SOURCE DATA:
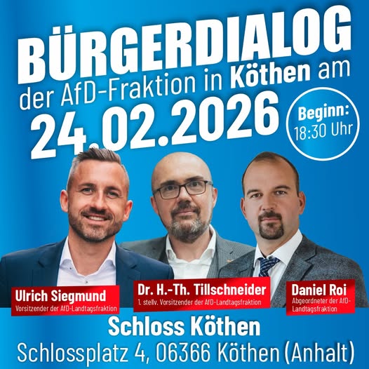 Bürgerdialog mit Ulrich Siegmund MdL, Dr. H.-Th. Tillschneider, MdL und Daniel Roi MdL Veranstaltungszeiten: Einlass: 18:00 Uhr Beginn: 18:30 Uhr Ende: ca. 20:00 Uhr Veranstaltungsort/Objekt: 06366 Köthen (Anhalt), OT Köthen, Schlossplatz 4, Schloss Köthen
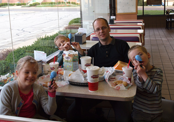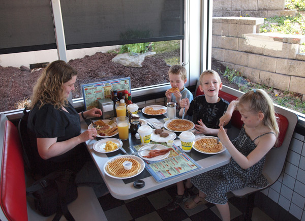 Her til aften var vi inviteret ud at spise af Mortens vejleder og hans kone. Vi fik lækker mad på en god restaurant her i Rolla. Ungerne opførte sig heldigvis pænt 🙂 Men man sidder altså heller ikke og hygger over maden herovre – ligeså snart man har spist (eller fået resten af maden pakket ned i en lille pose) bliver servicet fjernet, og så tager man hjem.
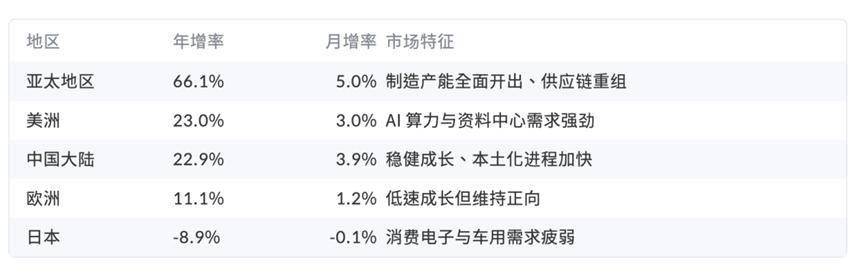 从区域表现来看,亚太地区仍是本轮成长的主要推力■△,11 月销售额年增率高达66.1%,月增5%,增幅居全球之冠,反映制造产能全面开出与供应链重组效应持续发酵。美洲市场年增23%…☆、月增3%▽•,显示AI 算力与资料中心投资热度未退。中国大陆市场维持稳健成长-★=,年增22.9%、月增3.9%。欧洲市场成长相对温和,但仍保持正向-,而日本则是主要市场中唯一出现下滑者,年减8=▽.9%★☆、月减0●•▽.1%。
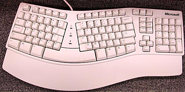 [ The PC Guide | Systems and Components Reference Guide | Keyboards | Keyboard Layouts | Non-Standard Keyboard Layouts ] Ergonomic ("Natural") Keyboards Assuming you are currently in front of your computer as you read this, and you are using a regular keyboard, conduct this quick demonstration. Sit comfortably in your chair, and rest your hands flat on your keyboard in the position where they would normally be during typing. Now look at the angle between your index fingers and the <Space Bar>. You'll probably find that it is somewhere between 30 and 60 degrees. This shows that in fact, the hands do not properly align themselves to the rows of keys in a regular keyboard. Most typists twist their hands slightly as they type to align their fingers to the keys, without even realizing it. You may even be able notice this shifting or twisting motion change as your hands move during typing. With keyboard use being implicated in the rise of repetitive stress injuries associated with the hand, such as carpal tunnel syndrome, some designers sought to possibly alleviate the problems--and make typing more comfortable at the same time--by adjusting the keyboard to the shape of the hands. The result is the family of keyboards that are usually called either ergonomic, or thanks to Microsoft's name for its version, natural keyboards. The fundamental layout change of these keyboards addresses the angle issue I just illustrated with my demonstration. The main typing area is in fact split into two parts, angled outward from the center of the keyboard. This allows the left and right hands to rest more naturally, with the fingers properly aligned to the keyboard rows. These keyboards are usually contoured, and many include integral wrist rests and other ergonomic features.
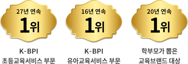 교육 업력 47년의 노하우 대교가 만든 찐짜 디지털 학습 25년 연속 1위 K-BPI 초등교육서비스 부문 14년 연속 1위 K-BPI 유아교육서비스 부문 18년 연속 1위 학부모가 뽑은 교육브랜드 대상
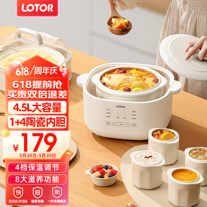 小浣熊电炖锅全自动炖汤锅煲汤煮粥神器隔水燕窝炖盅宝宝小炖锅1-2人陶瓷婴儿辅食锅熬粥专用锅 一锅五胆升级款 4.5L价格:309.00元!
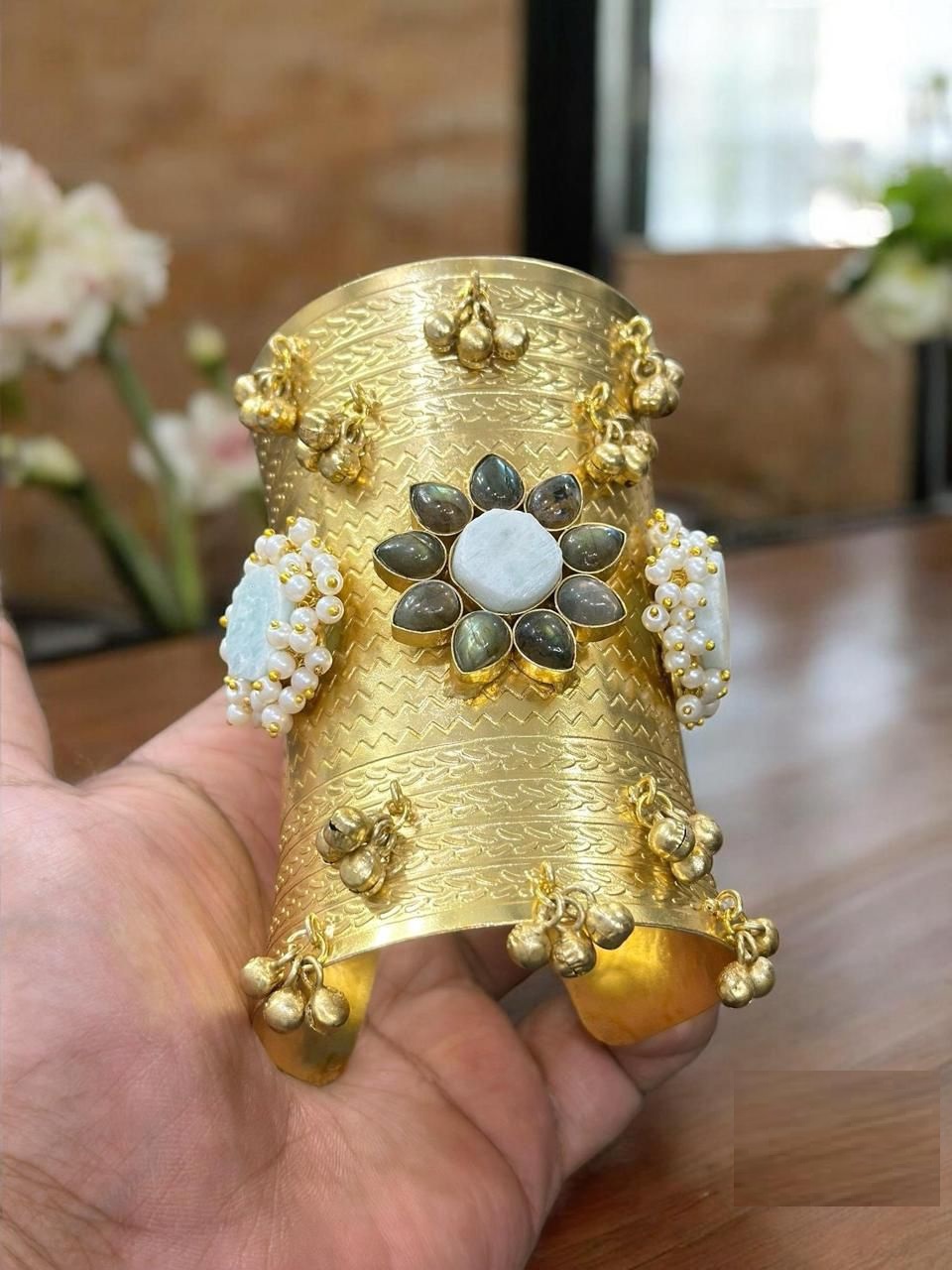 An epitome of regal elegance, the Maharani Kada is designed to capture the grandeur of queens. Crafted with a rich golden finish and embellished with vibrant gemstones and intricate detailing, this kada reflects timeless royalty. Its bold and majestic design makes it the perfect statement piece for weddings, festive occasions, and traditional celebrations, adding a touch of royal charm to every look.
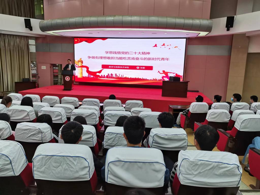 2023年3月28日晚上,数学与信息技术学院党委书记张敏在图书馆多元学术厅为全体学生党员、发展对象和入党积极分子以及党支部书记讲授“学习党的二十大精神”专题党课。
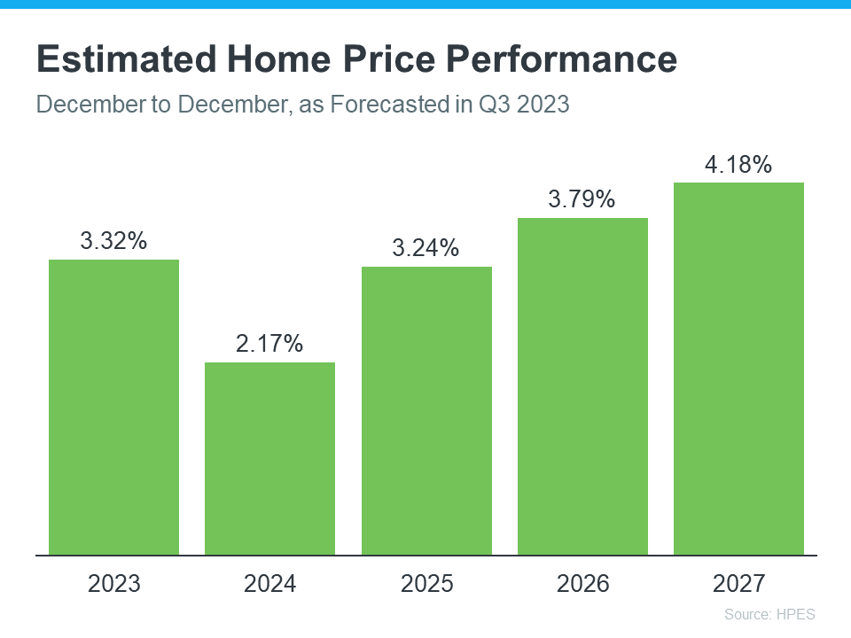 The Home Price Expectation Survey (HPES) from Pulsenomics is a great resource to show what experts forecast for home prices over a five-year period. It includes projections from over 100 economists, investment strategists, and housing market analysts. And the results from the latest quarterly release show home prices are expected to go up every year through 2027 (see graph below):
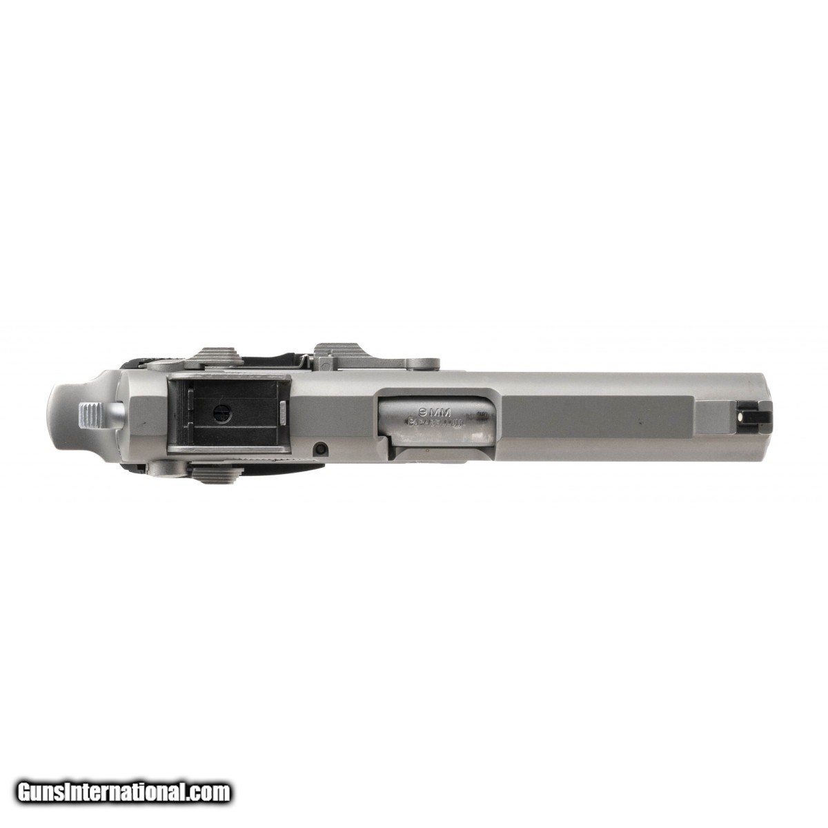 SN: VAA6735. 1990s vintage 9mm with a 4"" barrel. Bore is in excellent condition. All stainless steel pistol. Finish and grips are in excellent condition. Has adjustable rear sight. Overall condition is excellent.
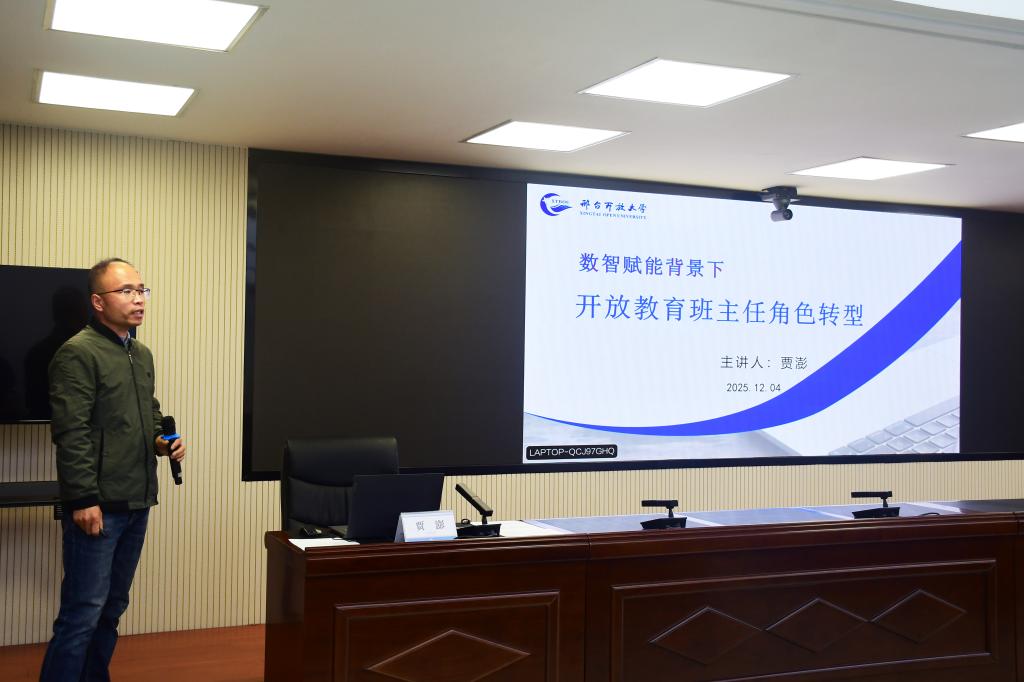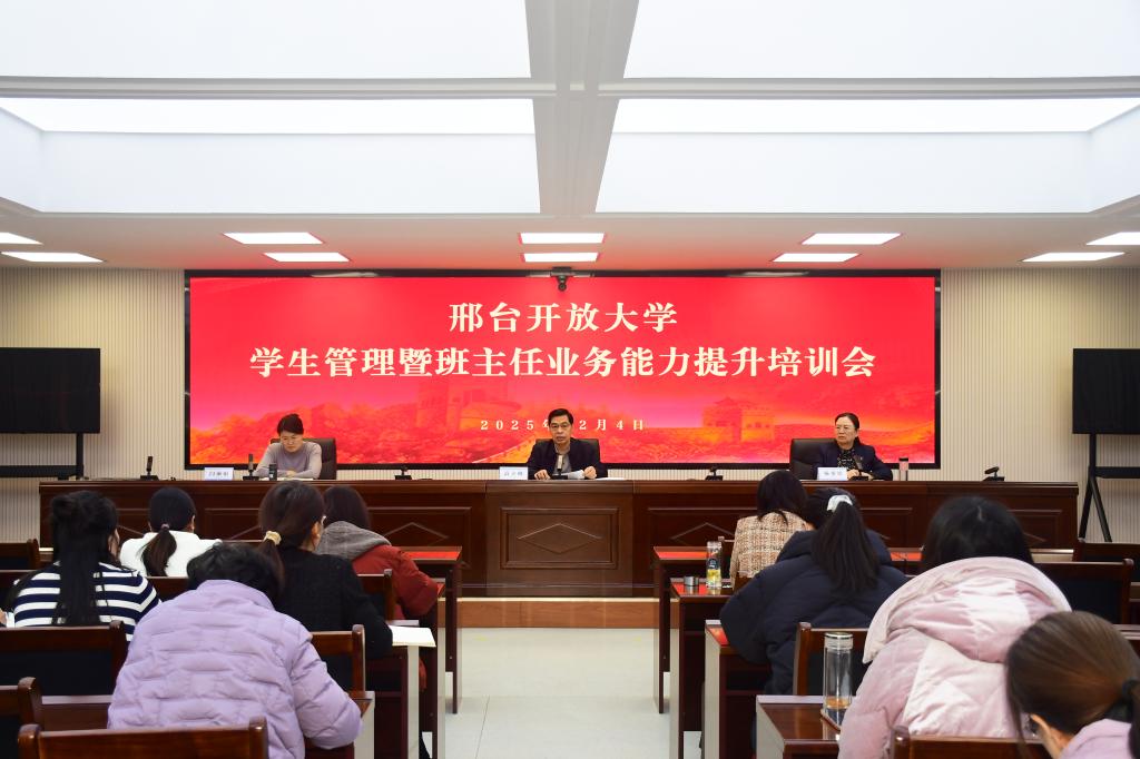 12月4日上午,邢台开放大学学生管理暨班主任业务能力提升培训分享会在六楼云教室成功举办。会议由学生服务中心主任邢计亮主持,校长高立峰、副校长杨密婷、闫丽娟出席会议,全体班主任参加。

EXERCISE REQUIREMENTS: Nothing but the pictures should be left out when the records are retyped exactly.

ANSWER SPACE:
 Bürgerdialog mit Ulrich Siegmund MdL, Dr. H.-Th. Tillschneider, MdL und Daniel Roi MdL Veranstaltungszeiten: Einlass: 18:00 Uhr Beginn: 18:30 Uhr Ende: ca. 20:00 Uhr Veranstaltungsort/Objekt: 06366 Köthen (Anhalt), OT Köthen, Schlossplatz 4, Schloss Köthen
 Her til aften var vi inviteret ud at spise af Mortens vejleder og hans kone. Vi fik lækker mad på en god restaurant her i Rolla. Ungerne opførte sig heldigvis pænt 🙂 Men man sidder altså heller ikke og hygger over maden herovre – ligeså snart man har spist (eller fået resten af maden pakket ned i en lille pose) bliver servicet fjernet, og så tager man hjem.
 从区域表现来看,亚太地区仍是本轮成长的主要推力■△,11 月销售额年增率高达66.1%,月增5%,增幅居全球之冠,反映制造产能全面开出与供应链重组效应持续发酵。美洲市场年增23%…☆、月增3%▽•,显示AI 算力与资料中心投资热度未退。中国大陆市场维持稳健成长-★=,年增22.9%、月增3.9%。欧洲市场成长相对温和,但仍保持正向-,而日本则是主要市场中唯一出现下滑者,年减8=▽.9%★☆、月减0●•▽.1%。
 [ The PC Guide | Systems and Components Reference Guide | Keyboards | Keyboard Layouts | Non-Standard Keyboard Layouts ] Ergonomic ("Natural") Keyboards Assuming you are currently in front of your computer as you read this, and you are using a regular keyboard, conduct this quick demonstration. Sit comfortably in your chair, and rest your hands flat on your keyboard in the position where they would normally be during typing. Now look at the angle between your index fingers and the <Space Bar>. You'll probably find that it is somewhere between 30 and 60 degrees. This shows that in fact, the hands do not properly align themselves to the rows of keys in a regular keyboard. Most typists twist their hands slightly as they type to align their fingers to the keys, without even realizing it. You may even be able notice this shifting or twisting motion change as your hands move during typing. With keyboard use being implicated in the rise of repetitive stress injuries associated with the hand, such as carpal tunnel syndrome, some designers sought to possibly alleviate the problems--and make typing more comfortable at the same time--by adjusting the keyboard to the shape of the hands. The result is the family of keyboards that are usually called either ergonomic, or thanks to Microsoft's name for its version, natural keyboards. The fundamental layout change of these keyboards addresses the angle issue I just illustrated with my demonstration. The main typing area is in fact split into two parts, angled outward from the center of the keyboard. This allows the left and right hands to rest more naturally, with the fingers properly aligned to the keyboard rows. These keyboards are usually contoured, and many include integral wrist rests and other ergonomic features.
 교육 업력 47년의 노하우 대교가 만든 찐짜 디지털 학습 25년 연속 1위 K-BPI 초등교육서비스 부문 14년 연속 1위 K-BPI 유아교육서비스 부문 18년 연속 1위 학부모가 뽑은 교육브랜드 대상
 小浣熊电炖锅全自动炖汤锅煲汤煮粥神器隔水燕窝炖盅宝宝小炖锅1-2人陶瓷婴儿辅食锅熬粥专用锅 一锅五胆升级款 4.5L价格:309.00元!
 An epitome of regal elegance, the Maharani Kada is designed to capture the grandeur of queens. Crafted with a rich golden finish and embellished with vibrant gemstones and intricate detailing, this kada reflects timeless royalty. Its bold and majestic design makes it the perfect statement piece for weddings, festive occasions, and traditional celebrations, adding a touch of royal charm to every look.
 2023年3月28日晚上,数学与信息技术学院党委书记张敏在图书馆多元学术厅为全体学生党员、发展对象和入党积极分子以及党支部书记讲授“学习党的二十大精神”专题党课。
 The Home Price Expectation Survey (HPES) from Pulsenomics is a great resource to show what experts forecast for home prices over a five-year period. It includes projections from over 100 economists, investment strategists, and housing market analysts. And the results from the latest quarterly release show home prices are expected to go up every year through 2027 (see graph below):
 SN: VAA6735. 1990s vintage 9mm with a 4"" barrel. Bore is in excellent condition. All stainless steel pistol. Finish and grips are in excellent condition. Has adjustable rear sight. Overall condition is excellent.
 12月4日上午,邢台开放大学学生管理暨班主任业务能力提升培训分享会在六楼云教室成功举办。会议由学生服务中心主任邢计亮主持,校长高立峰、副校长杨密婷、闫丽娟出席会议,全体班主任参加。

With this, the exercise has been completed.